Identifying Great Business Stories
The art of storytelling in business has been getting quite the buzz lately. For decades we have introduced this skill in our Persuasion and Influence course. But as storytelling consultant Shawn Callahan, who works with Global 1000 companies including Shell, IBM, and Microsoft, says, “We see lots of people talking about stories but very few telling them.”
Callahan says understanding the simple framework of a story will help.
How do you know if you’ve got a viable story?
*A story begins with a time or place marker (when/where did it happen?).
*It recounts an event, with feeling.
*It includes dialogue (“And then he said…”).
*It has a business point (the reason for telling the story is…).
People pay attention when you tell a story – and stories are remembered. So mining your experience for stories is time well spent. We want to hear! Have you told or heard a good story recently? What was its impact? Join the conversation and click "comments" on our Community of Practice Forum.
Image Credit: AZ https://www.flickr.com/photos/azrasta/
8/21/2016 03:40:09 pm
When I teach active listening skills, I often include a story about an incident many years ago when my ability to call on my active listing skills really got me out of a bind.

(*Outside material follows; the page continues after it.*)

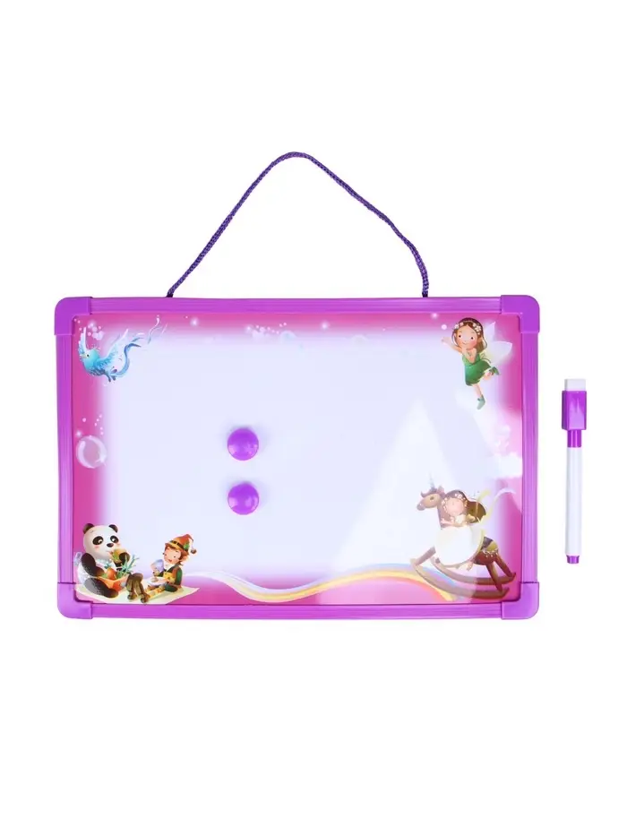 Доска магнитная, маркер и 2 магнита в комплекте, цвета МИКС значительно упростит вам задачу обучения малыша. На этой доске можно писать, рисовать, считать и заниматься с обучающими магнитами. Специальная губка полностью стирает всё написанное водным маркером, таким образом, доска становится многоразовой. Учитесь с удовольствием!

I have to change the names to protect the innocent (and once recently I would have launched right into the story, except that the person whom the story is about was sitting right in front of me), but I believe the story makes the usefulness of the skill come alive. It's areal-life, personal story, and I am self-revealing, which makes me somewhat vulnerable as I tell it. I think the story makes for a much richer presentation.
8/22/2016 10:48:03 am
Absolutely! Telling stories make a concept or skill (like active listening) come to life. And long after people forget the details, they remember a good story -- and that brings back the residual message you want to leave them with!